───── DATASET RECORDS
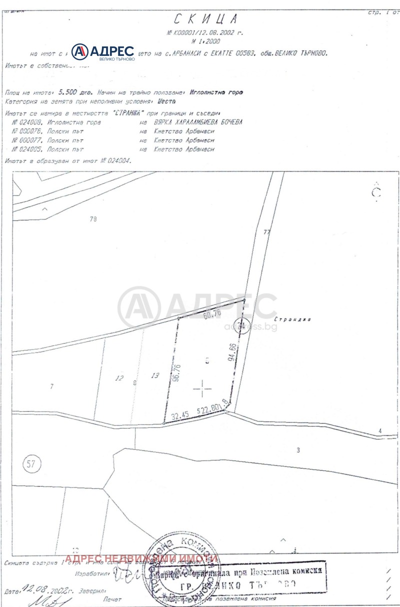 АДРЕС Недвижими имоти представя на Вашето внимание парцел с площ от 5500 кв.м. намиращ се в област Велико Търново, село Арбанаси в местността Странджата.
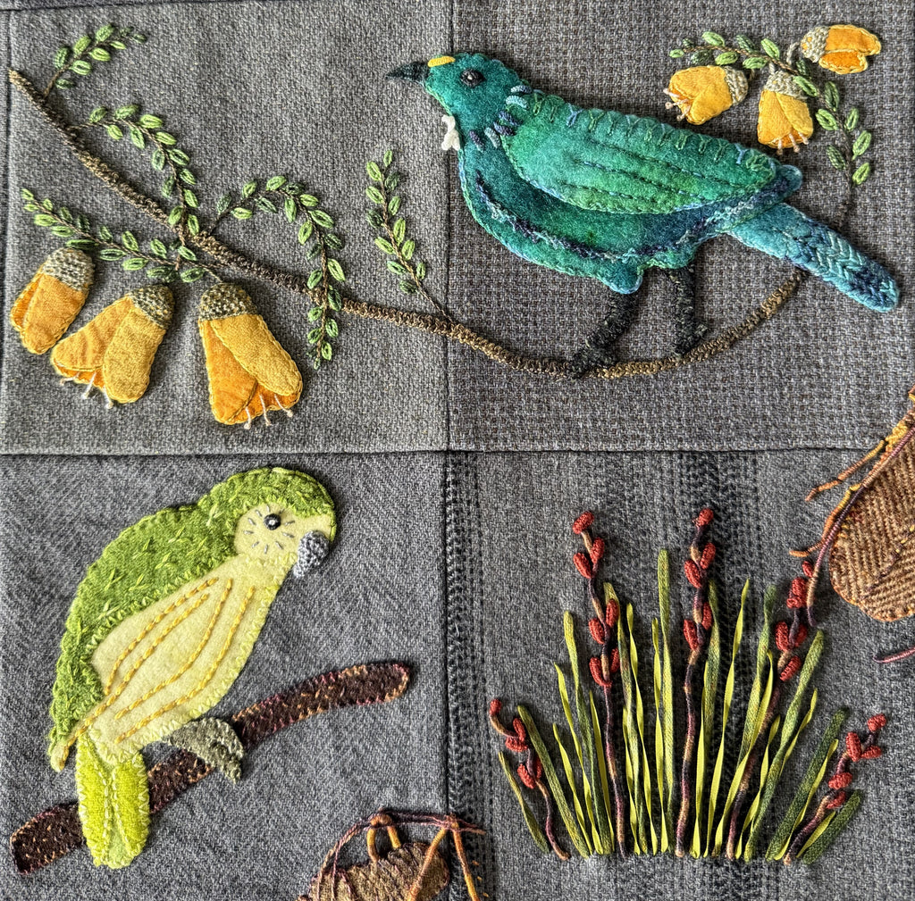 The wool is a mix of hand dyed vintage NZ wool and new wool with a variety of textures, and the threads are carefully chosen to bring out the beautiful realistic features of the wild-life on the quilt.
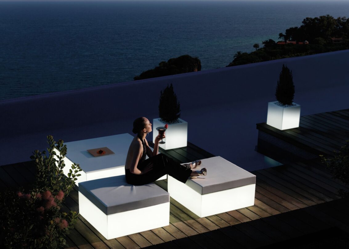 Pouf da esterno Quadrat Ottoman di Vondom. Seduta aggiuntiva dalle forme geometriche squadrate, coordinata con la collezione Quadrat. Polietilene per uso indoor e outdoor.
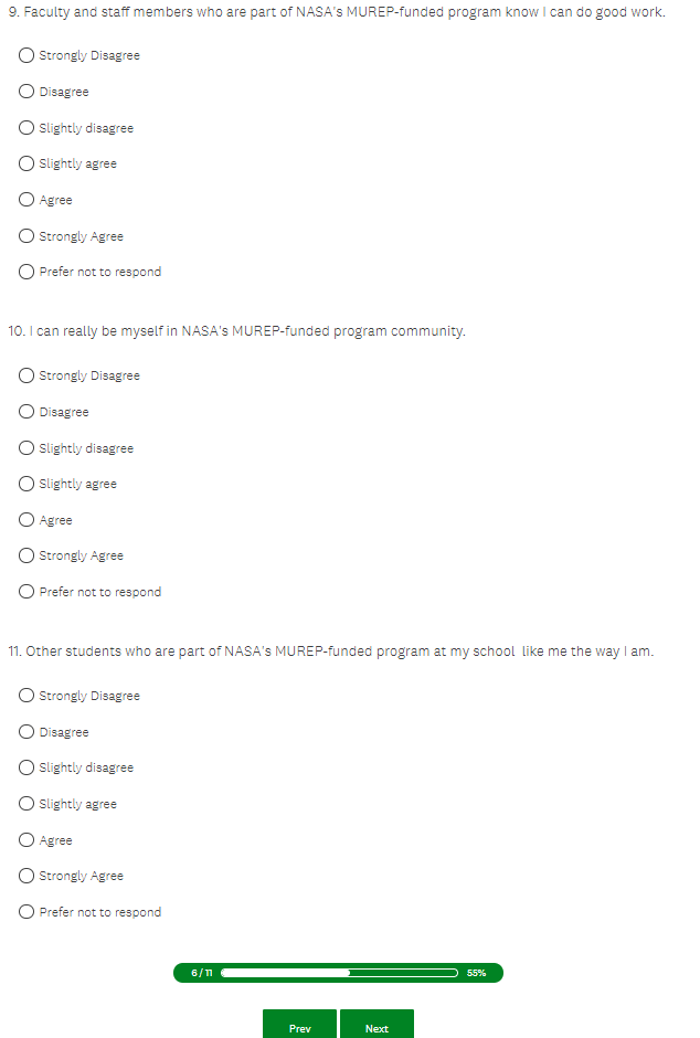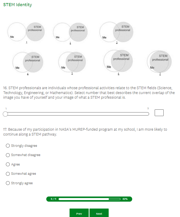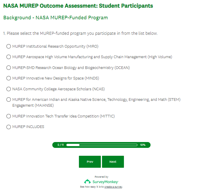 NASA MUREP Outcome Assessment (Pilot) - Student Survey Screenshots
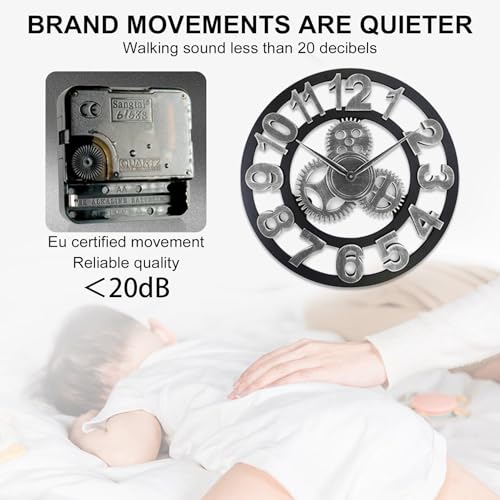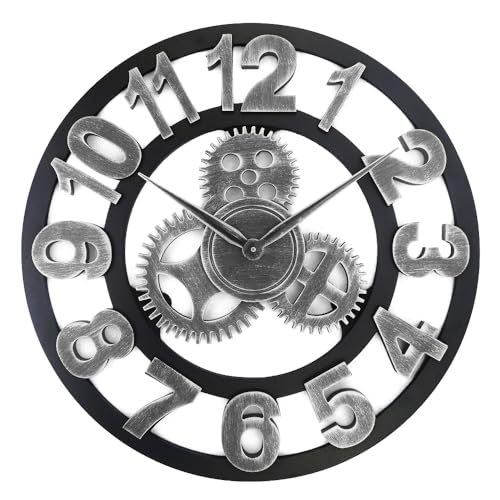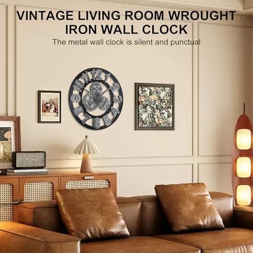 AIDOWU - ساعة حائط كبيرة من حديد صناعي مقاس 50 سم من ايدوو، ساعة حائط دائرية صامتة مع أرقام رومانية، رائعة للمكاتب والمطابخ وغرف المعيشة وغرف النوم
──────────
───── DATASET RECORDS
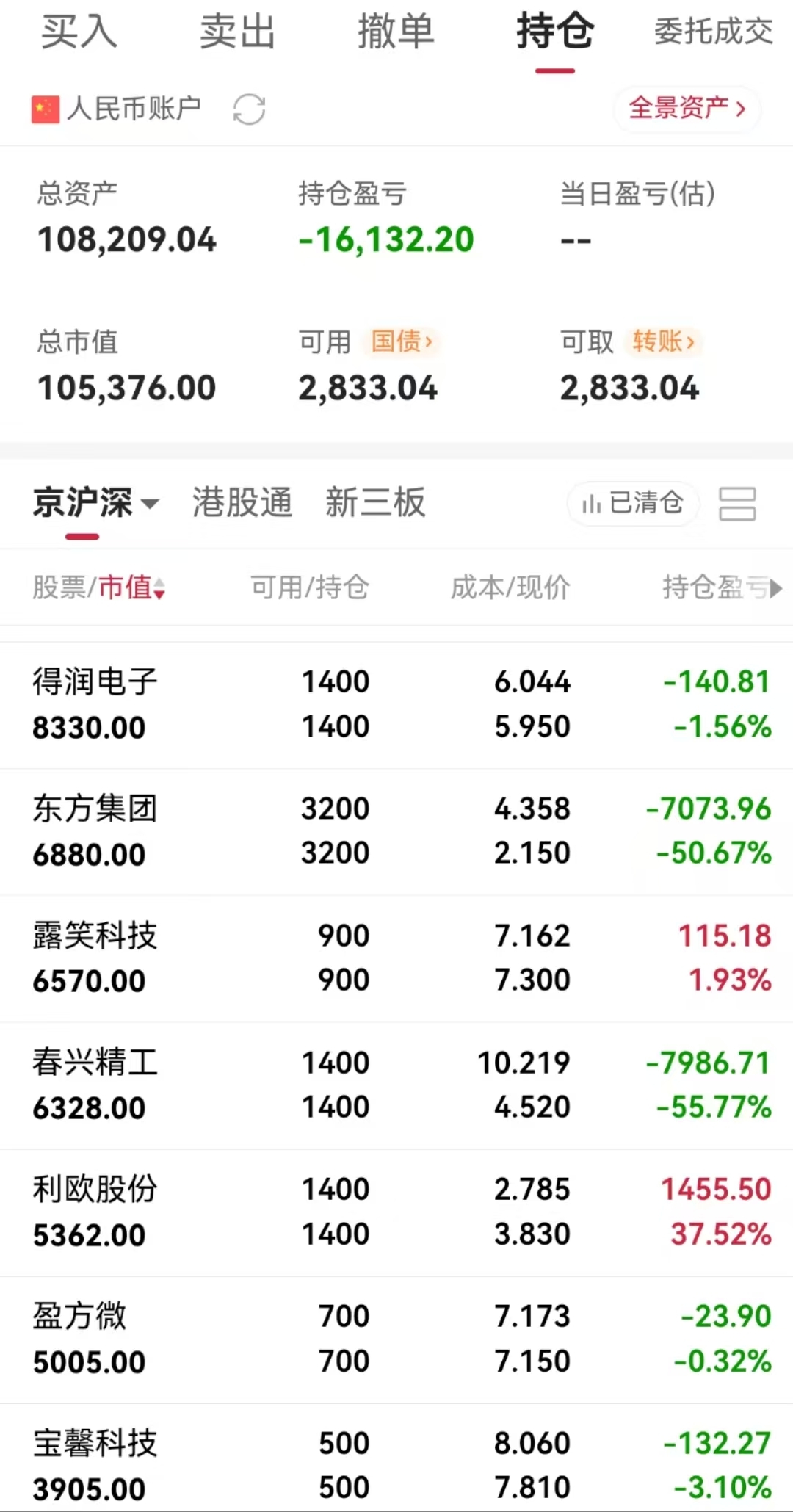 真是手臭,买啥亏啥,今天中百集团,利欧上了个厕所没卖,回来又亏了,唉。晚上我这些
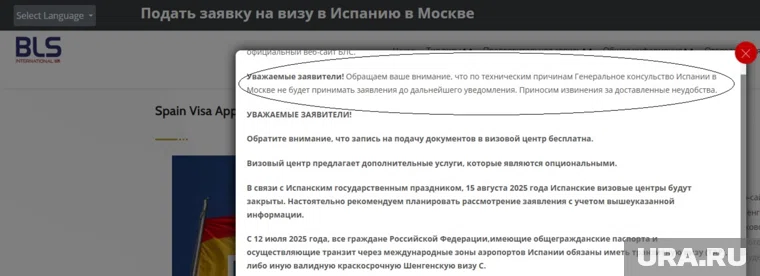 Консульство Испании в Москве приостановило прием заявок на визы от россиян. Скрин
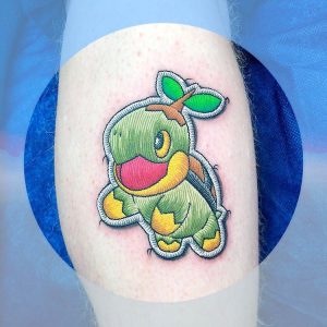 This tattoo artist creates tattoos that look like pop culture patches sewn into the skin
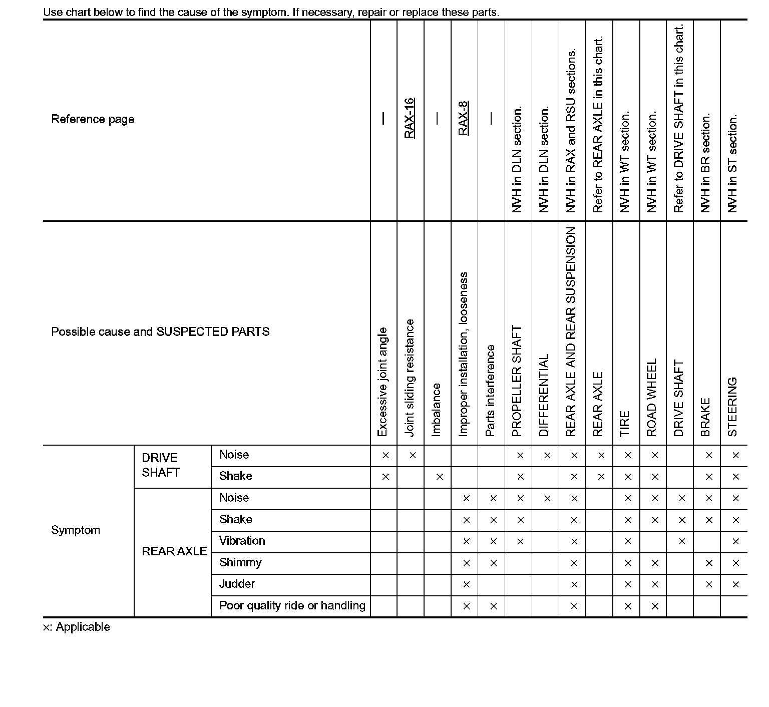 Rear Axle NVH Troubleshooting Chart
──────────
───── DATASET RECORDS
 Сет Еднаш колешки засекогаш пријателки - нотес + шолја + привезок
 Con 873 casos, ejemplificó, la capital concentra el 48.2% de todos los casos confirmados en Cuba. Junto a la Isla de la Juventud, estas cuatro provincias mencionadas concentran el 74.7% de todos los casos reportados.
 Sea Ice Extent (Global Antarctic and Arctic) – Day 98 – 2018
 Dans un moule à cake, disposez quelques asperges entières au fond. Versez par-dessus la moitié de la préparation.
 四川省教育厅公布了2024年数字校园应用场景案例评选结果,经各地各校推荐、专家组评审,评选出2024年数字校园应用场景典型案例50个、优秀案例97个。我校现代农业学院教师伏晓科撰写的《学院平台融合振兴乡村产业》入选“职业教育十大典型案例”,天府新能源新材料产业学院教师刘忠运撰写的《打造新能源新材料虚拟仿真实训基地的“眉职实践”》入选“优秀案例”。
──────────
* _REQUIRED ACTION_: Reproduce the entries exactly, from the line with "АДРЕС Недвижими имоти" to the line with "AIDOWU - ساعة", both lines included, keeping no pictures.

* _EXERCISE RESULT_:
 АДРЕС Недвижими имоти представя на Вашето внимание парцел с площ от 5500 кв.м. намиращ се в област Велико Търново, село Арбанаси в местността Странджата.
 The wool is a mix of hand dyed vintage NZ wool and new wool with a variety of textures, and the threads are carefully chosen to bring out the beautiful realistic features of the wild-life on the quilt.
 Pouf da esterno Quadrat Ottoman di Vondom. Seduta aggiuntiva dalle forme geometriche squadrate, coordinata con la collezione Quadrat. Polietilene per uso indoor e outdoor.
 NASA MUREP Outcome Assessment (Pilot) - Student Survey Screenshots
 AIDOWU - ساعة حائط كبيرة من حديد صناعي مقاس 50 سم من ايدوو، ساعة حائط دائرية صامتة مع أرقام رومانية، رائعة للمكاتب والمطابخ وغرف المعيشة وغرف النوم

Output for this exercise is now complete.